→ Collected data

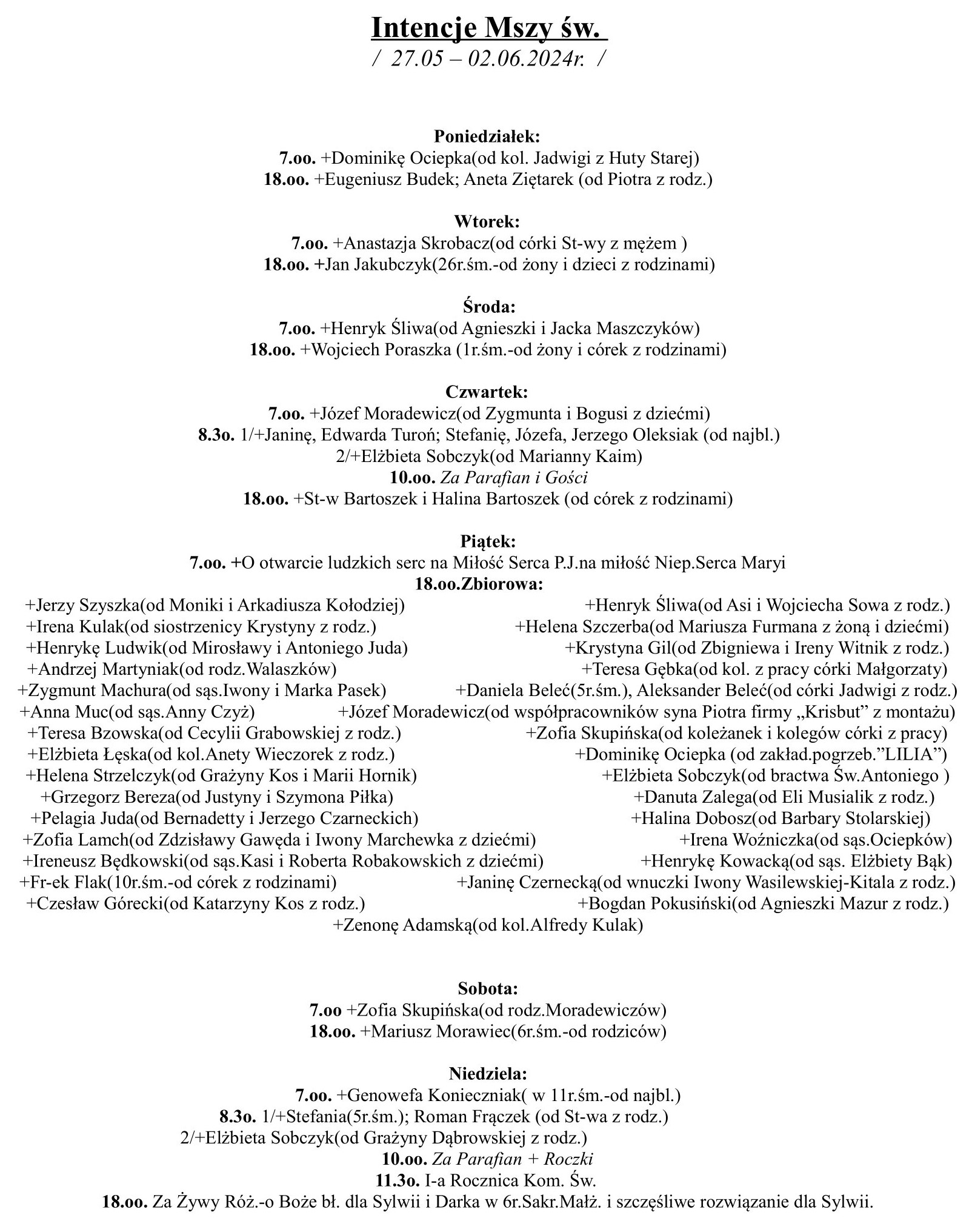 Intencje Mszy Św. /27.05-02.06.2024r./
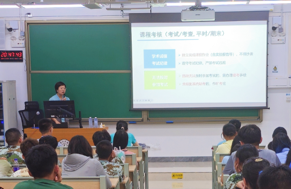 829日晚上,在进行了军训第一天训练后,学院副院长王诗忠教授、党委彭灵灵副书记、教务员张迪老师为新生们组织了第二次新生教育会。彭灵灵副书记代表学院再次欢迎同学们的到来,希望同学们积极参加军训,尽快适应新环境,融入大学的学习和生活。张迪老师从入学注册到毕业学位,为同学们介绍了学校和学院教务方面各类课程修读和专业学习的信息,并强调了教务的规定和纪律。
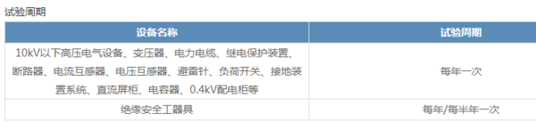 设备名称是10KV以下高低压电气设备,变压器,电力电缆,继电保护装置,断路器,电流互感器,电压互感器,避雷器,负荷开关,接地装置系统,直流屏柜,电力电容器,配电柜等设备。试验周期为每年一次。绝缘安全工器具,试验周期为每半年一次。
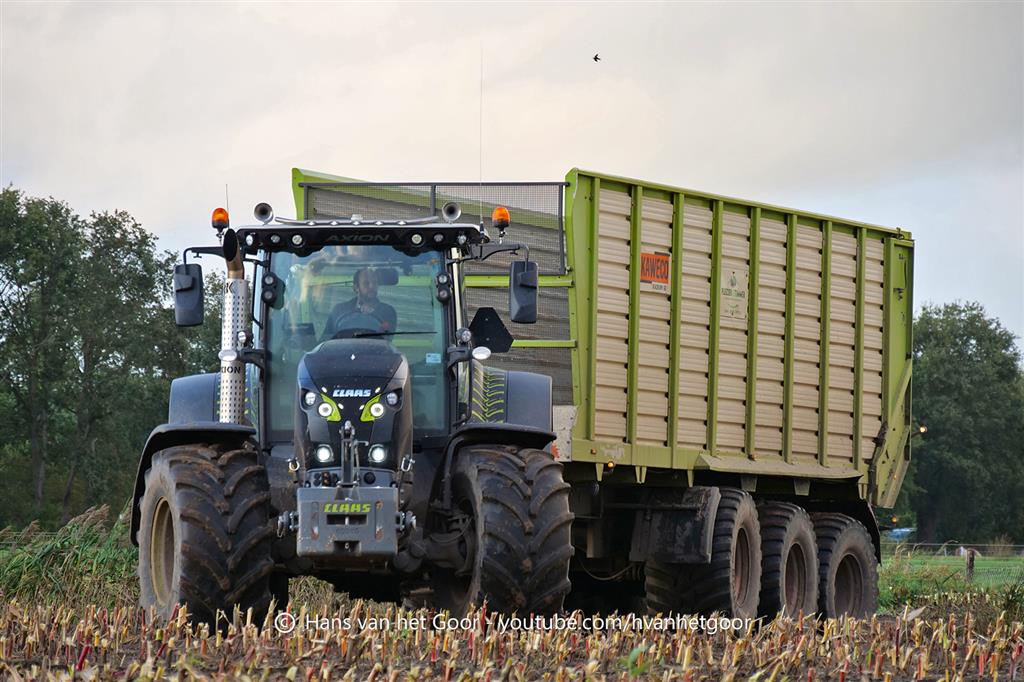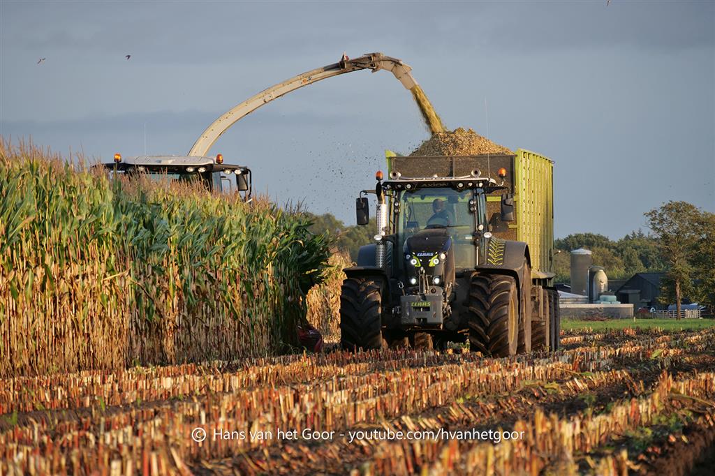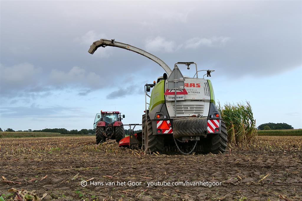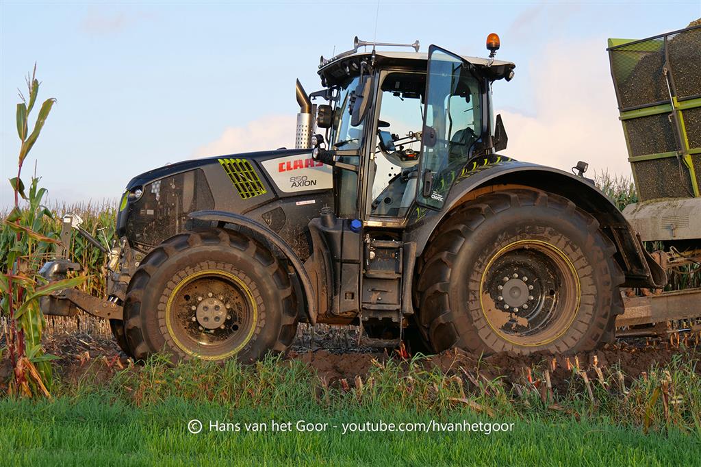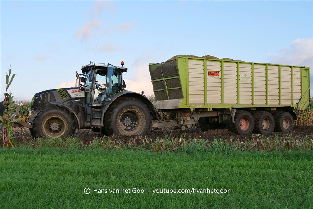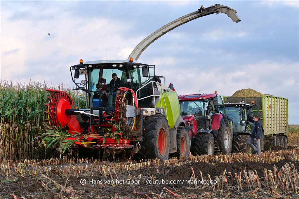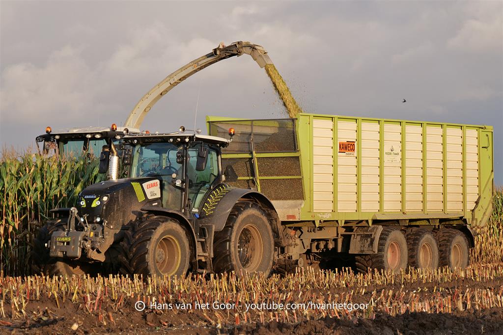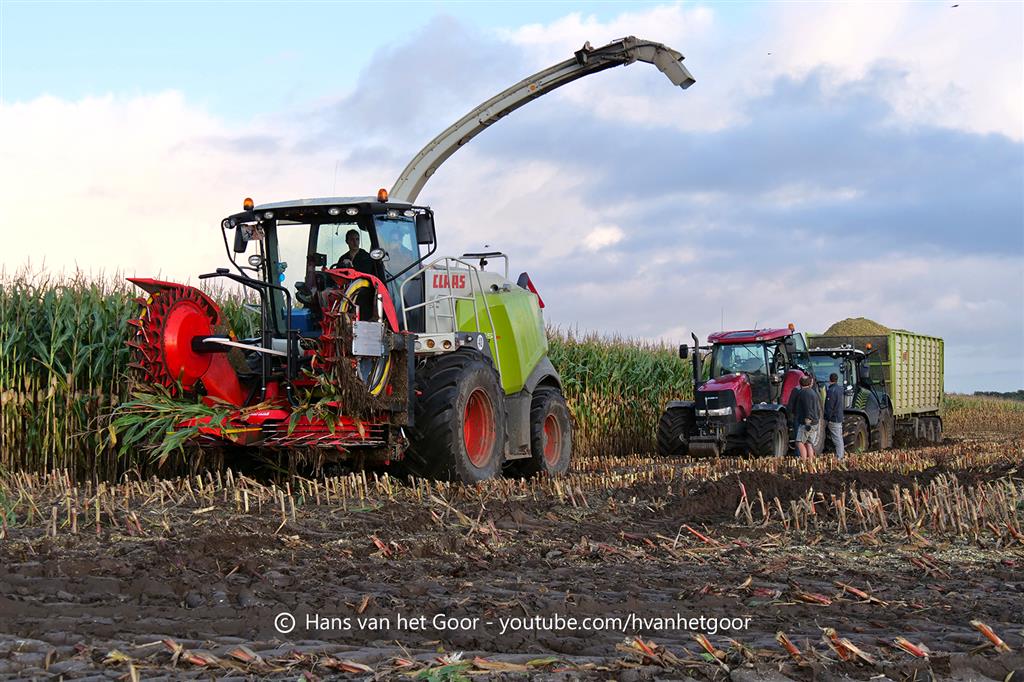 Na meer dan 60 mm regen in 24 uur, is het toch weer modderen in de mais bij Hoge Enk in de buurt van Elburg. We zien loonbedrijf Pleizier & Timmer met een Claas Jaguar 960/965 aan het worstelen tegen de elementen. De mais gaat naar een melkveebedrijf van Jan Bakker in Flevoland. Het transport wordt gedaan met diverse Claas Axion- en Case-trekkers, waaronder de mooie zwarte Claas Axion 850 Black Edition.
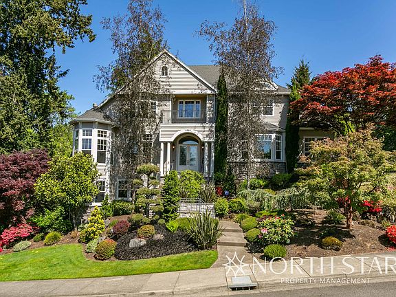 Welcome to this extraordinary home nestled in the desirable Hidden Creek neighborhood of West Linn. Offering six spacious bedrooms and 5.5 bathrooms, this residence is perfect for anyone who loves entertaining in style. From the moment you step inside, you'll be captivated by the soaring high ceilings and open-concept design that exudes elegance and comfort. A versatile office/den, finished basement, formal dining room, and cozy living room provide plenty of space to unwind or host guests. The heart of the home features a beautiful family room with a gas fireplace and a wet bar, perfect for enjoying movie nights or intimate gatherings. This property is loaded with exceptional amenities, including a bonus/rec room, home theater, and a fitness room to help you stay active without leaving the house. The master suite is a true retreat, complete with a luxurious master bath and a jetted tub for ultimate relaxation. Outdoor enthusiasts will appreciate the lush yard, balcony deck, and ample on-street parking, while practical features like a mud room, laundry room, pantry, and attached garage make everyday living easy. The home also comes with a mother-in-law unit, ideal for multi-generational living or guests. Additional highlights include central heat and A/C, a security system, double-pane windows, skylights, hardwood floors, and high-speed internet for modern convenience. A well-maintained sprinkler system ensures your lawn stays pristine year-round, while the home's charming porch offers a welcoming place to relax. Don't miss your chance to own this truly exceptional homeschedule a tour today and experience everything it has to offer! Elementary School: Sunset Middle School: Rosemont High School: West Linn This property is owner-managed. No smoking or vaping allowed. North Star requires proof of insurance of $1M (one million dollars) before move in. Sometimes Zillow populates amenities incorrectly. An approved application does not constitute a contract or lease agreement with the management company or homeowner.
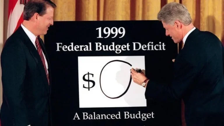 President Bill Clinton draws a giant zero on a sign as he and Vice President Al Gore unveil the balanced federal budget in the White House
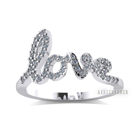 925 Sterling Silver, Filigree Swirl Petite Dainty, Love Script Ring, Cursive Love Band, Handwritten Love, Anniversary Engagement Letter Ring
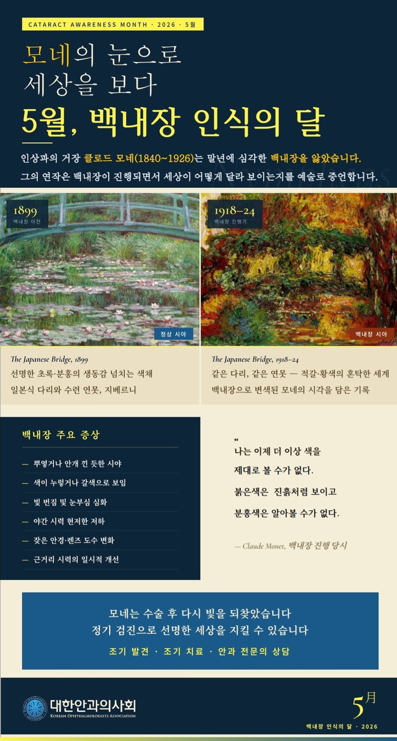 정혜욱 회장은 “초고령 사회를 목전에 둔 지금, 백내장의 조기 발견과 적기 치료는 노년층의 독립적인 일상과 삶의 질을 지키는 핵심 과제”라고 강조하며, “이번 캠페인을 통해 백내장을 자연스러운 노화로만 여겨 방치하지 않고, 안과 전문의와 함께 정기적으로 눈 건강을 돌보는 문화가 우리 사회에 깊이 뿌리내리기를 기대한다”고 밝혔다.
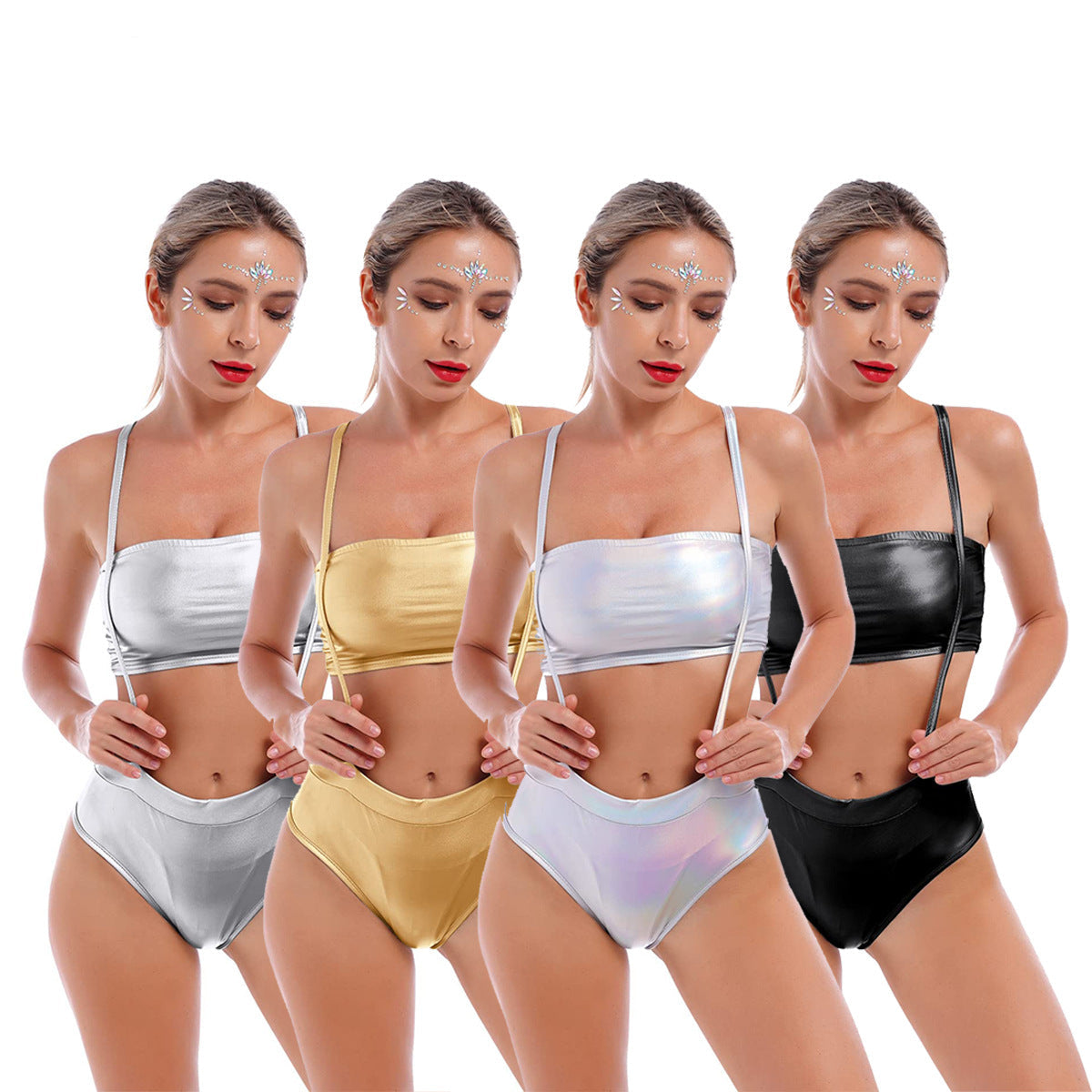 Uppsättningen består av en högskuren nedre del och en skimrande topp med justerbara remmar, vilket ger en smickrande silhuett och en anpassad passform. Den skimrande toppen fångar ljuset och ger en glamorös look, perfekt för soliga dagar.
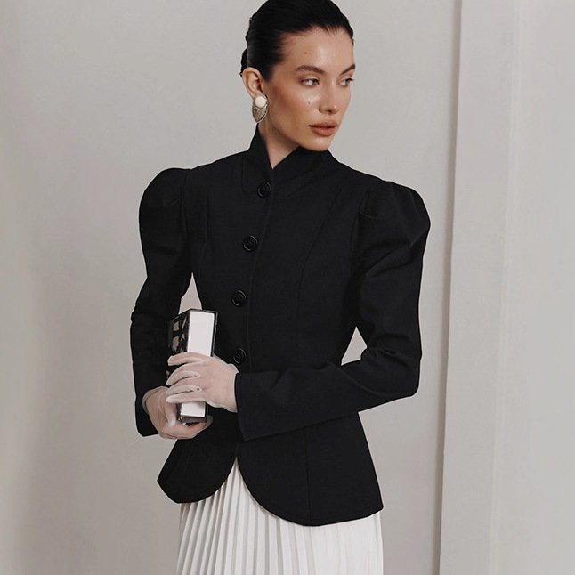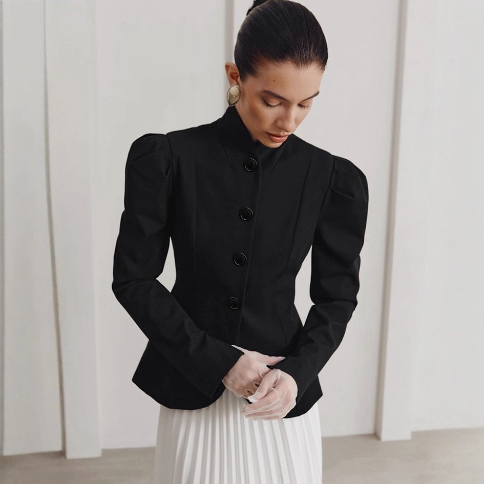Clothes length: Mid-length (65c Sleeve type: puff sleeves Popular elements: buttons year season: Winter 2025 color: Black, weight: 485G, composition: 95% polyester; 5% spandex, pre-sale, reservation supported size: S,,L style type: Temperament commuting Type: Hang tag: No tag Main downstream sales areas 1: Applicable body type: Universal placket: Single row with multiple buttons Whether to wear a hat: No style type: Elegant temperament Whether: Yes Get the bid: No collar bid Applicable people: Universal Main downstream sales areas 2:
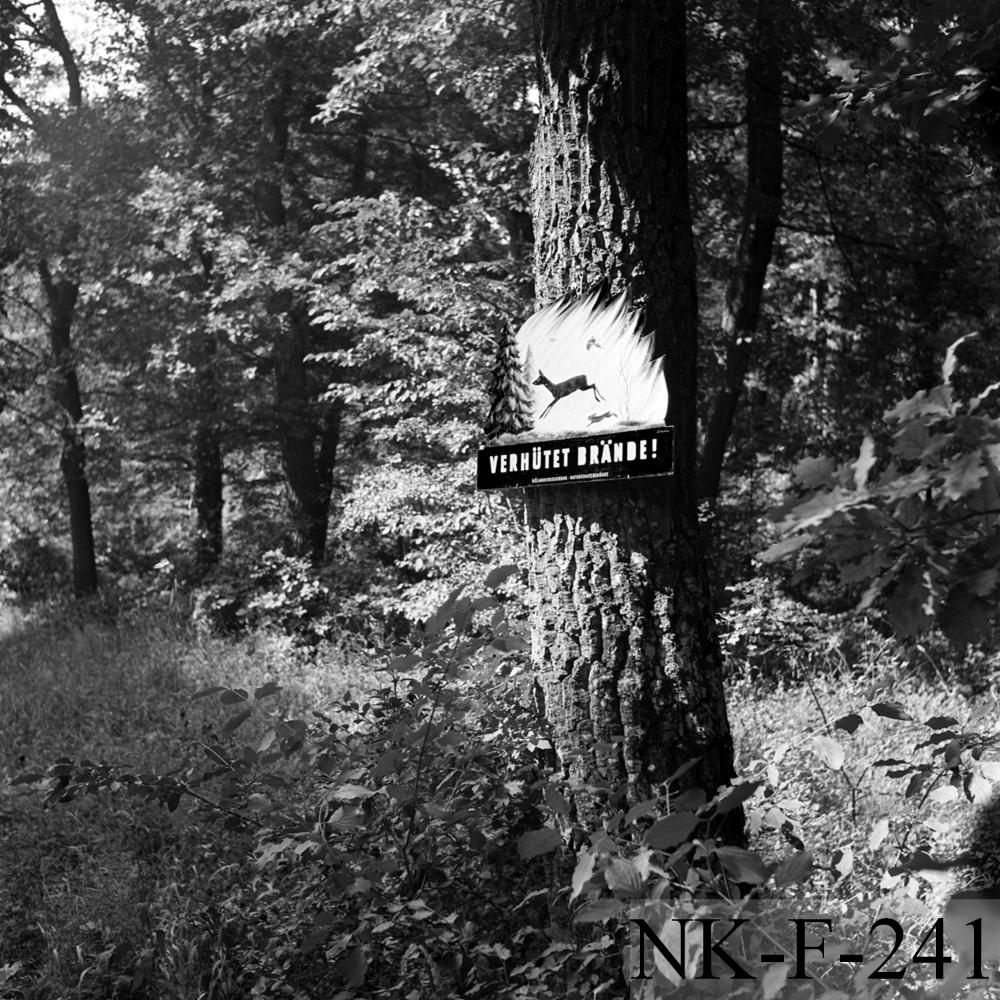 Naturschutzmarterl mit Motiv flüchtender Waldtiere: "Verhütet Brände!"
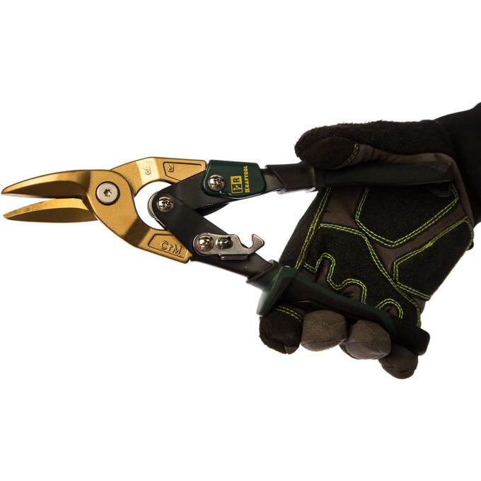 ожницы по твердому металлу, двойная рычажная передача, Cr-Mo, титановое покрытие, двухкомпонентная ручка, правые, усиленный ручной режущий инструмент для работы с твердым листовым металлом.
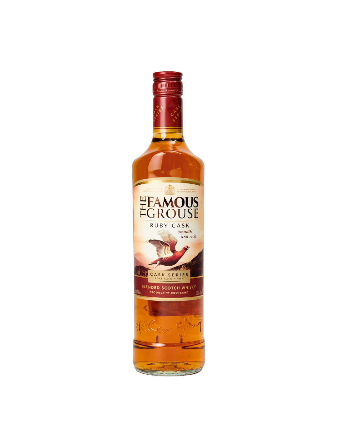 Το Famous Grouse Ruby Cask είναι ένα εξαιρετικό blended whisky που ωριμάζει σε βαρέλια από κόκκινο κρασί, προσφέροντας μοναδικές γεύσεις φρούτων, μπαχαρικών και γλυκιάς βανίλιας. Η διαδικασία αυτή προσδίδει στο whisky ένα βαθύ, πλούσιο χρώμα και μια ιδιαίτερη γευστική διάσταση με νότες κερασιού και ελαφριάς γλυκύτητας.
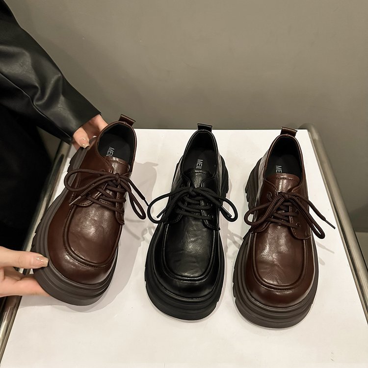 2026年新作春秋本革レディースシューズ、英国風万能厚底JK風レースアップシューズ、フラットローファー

→ ASSIGNED TASK
Only one stretch of the data is wanted: write out exactly the lines from the one holding "President Bill Clinton" through the one holding "925 Sterling Silver, Filigree", both included, without the pictures.

→ WRITTEN RESPONSE
 President Bill Clinton draws a giant zero on a sign as he and Vice President Al Gore unveil the balanced federal budget in the White House
 925 Sterling Silver, Filigree Swirl Petite Dainty, Love Script Ring, Cursive Love Band, Handwritten Love, Anniversary Engagement Letter Ring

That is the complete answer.